Any differences between original claims provisions and subsequent
settlements are reflected in the income statement in the relevant period.
Reorganisation:
Reorganisation provisions are only recognised where plans are
demonstrably committed and where appropriate communication
to those affected has been undertaken at the balance sheet date.
Provisions are not recognised in respect of future operating losses.
Sales:
Sales provisions relate to “cash-back” and similar promotions, product
warranties, product returns, and network operator performance penalties.
The anticipated costs of these items are assessed by reference to historic
trends and any other information that is considered to be relevant.
Other:
Other provisions relate to dilapidations and similar property costs,
unresolved tax issues and legal disputes, and costs associated with
onerous contracts. All such provisions are assessed by reference
to the best available information at the balance sheet date.
s) Headline results
Headline results are stated before the amortisation of acquisition
intangibles and goodwill expense. Headline results also exclude any
one-off items that are considered to be so material that they require
separate disclosure to avoid distortion of underlying performance.

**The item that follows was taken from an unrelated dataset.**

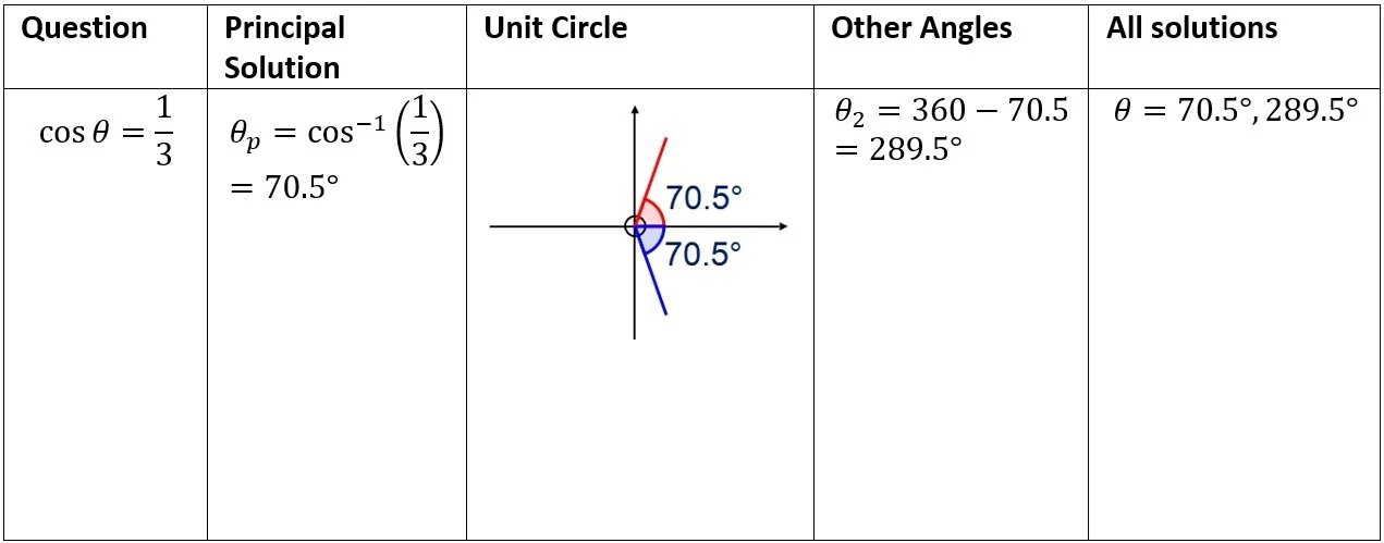 Don’t forget to find all the solutions in the given domain. For a simple trigonometric function with domain \(0^{\circ}\le\theta\le 360^{\circ}\) there are always two solutions.
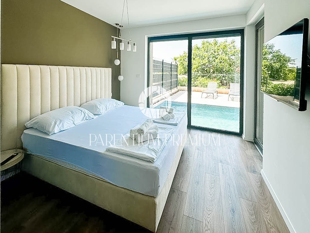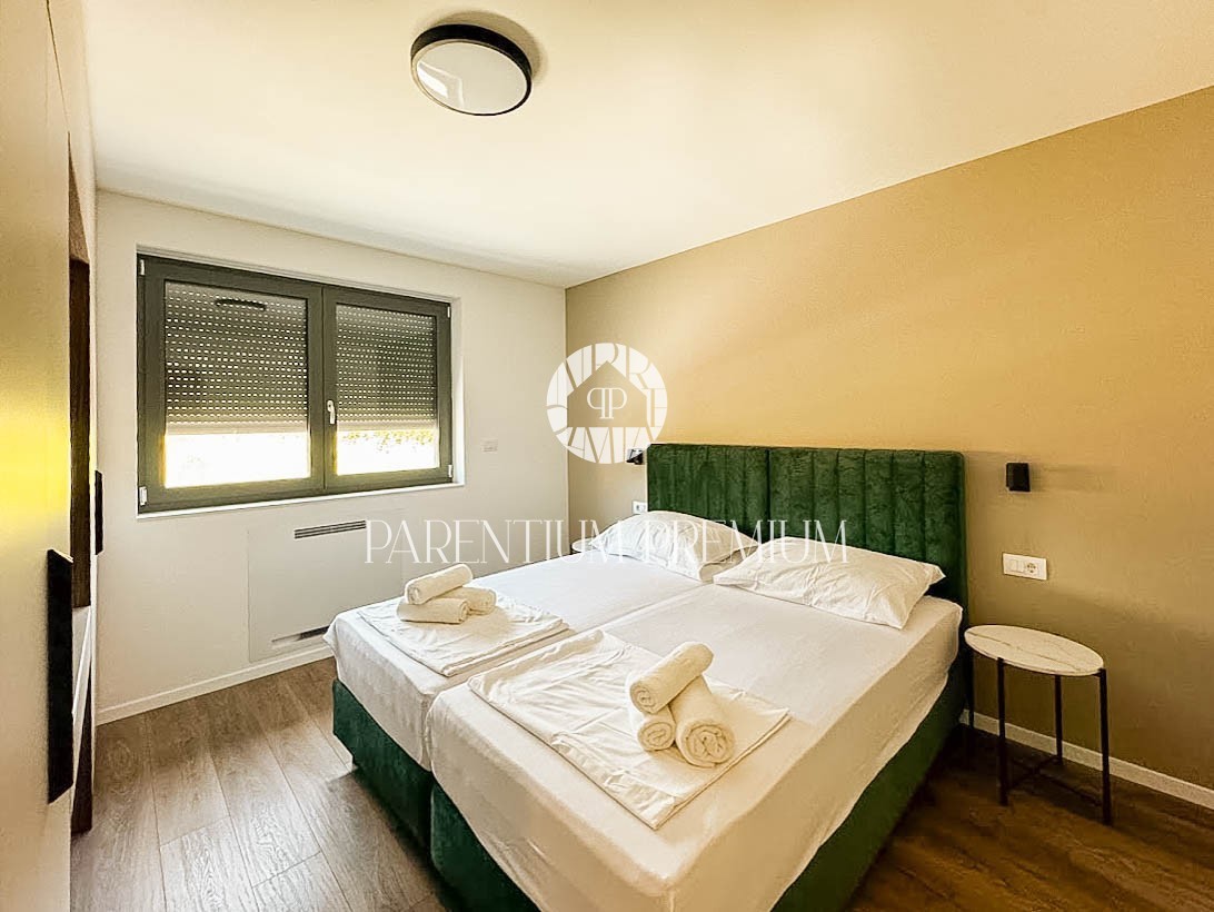Istra, Poreč To odlično stanovanje se nahaja v bližini mesta Poreč v pritličju moderne stavbe z bazenom skupne površine 93,32m2. To stanovanje je sestavljeno iz predsobe, treh prostornih spalnic, dveh kopalnic, od katerih se ena nahaja v glavni spalnici

t) Use of critical accounting estimates and assumptions
Estimates and assumptions used in the preparation of the financial
statements are continually reviewed and revised as necessary. Whilst
every effort is made to ensure that such estimates and assumptions
are reasonable, by their nature they are uncertain, and as such changes
in estimates and assumptions may have a material impact in the
financial statements.
The principal balances in the financial statements where changes in
estimates and assumptions may have a material impact are as follows:
Subscriber acquisition costs:
Estimates made in relation to future cash inflows, related cash outflows and
rates of in-contract churn are based on the best information available at the
balance sheet date, but such estimates may differ from actual results.
Recoverable amount of non-current assets:
All non-current assets, including goodwill and other intangible assets,
are reviewed for potential impairment using estimates of the future
economic benefits attributable to them. In the case of customer bases,
such estimates involve assumptions in relation to future customer margins
and average customer lives. Any estimates of future economic benefits
made in relation to non-current assets may differ from the benefits that
ultimately arise, and materially affect the recoverable value of the asset.
Trade and other receivables:
Provisions for irrecoverable receivables are based on extensive historic
evidence, and the best available information in relation to specific issues,
but are nevertheless inherently uncertain.
Current taxation:
The complex nature of tax legislation across the tax jurisdictions in
which the Group operates necessitates the use of many estimates
and assumptions, where the outcome may differ from that assumed.
Deferred taxation:
The extent to which tax losses can be utilised depends on the extent
to which taxable profits are generated in the relevant jurisdictions in the
foreseeable future, and on the tax legislation then in force, and as such
the value of associated deferred tax assets is uncertain.
Provisions:
The Group’s reorganisation provisions are based on the best information
available to management at the balance sheet date. However, the future
costs assumed are inevitably only estimates, which may differ from those
ultimately incurred.
Sales provisions are based on historic patterns: of redemption for
promotions, product return rates for returns and warranties, and penalty
rates from network operators. The Group has extensive data in all areas;
however, if the historic patterns on which the provisions are based
change significantly in the future, the financial statements may be
materially impacted.
Provisions relating to the disposal of excess property necessitate
assumptions in respect of period to disposal and exit costs, which may
differ from the ultimate cost of disposal.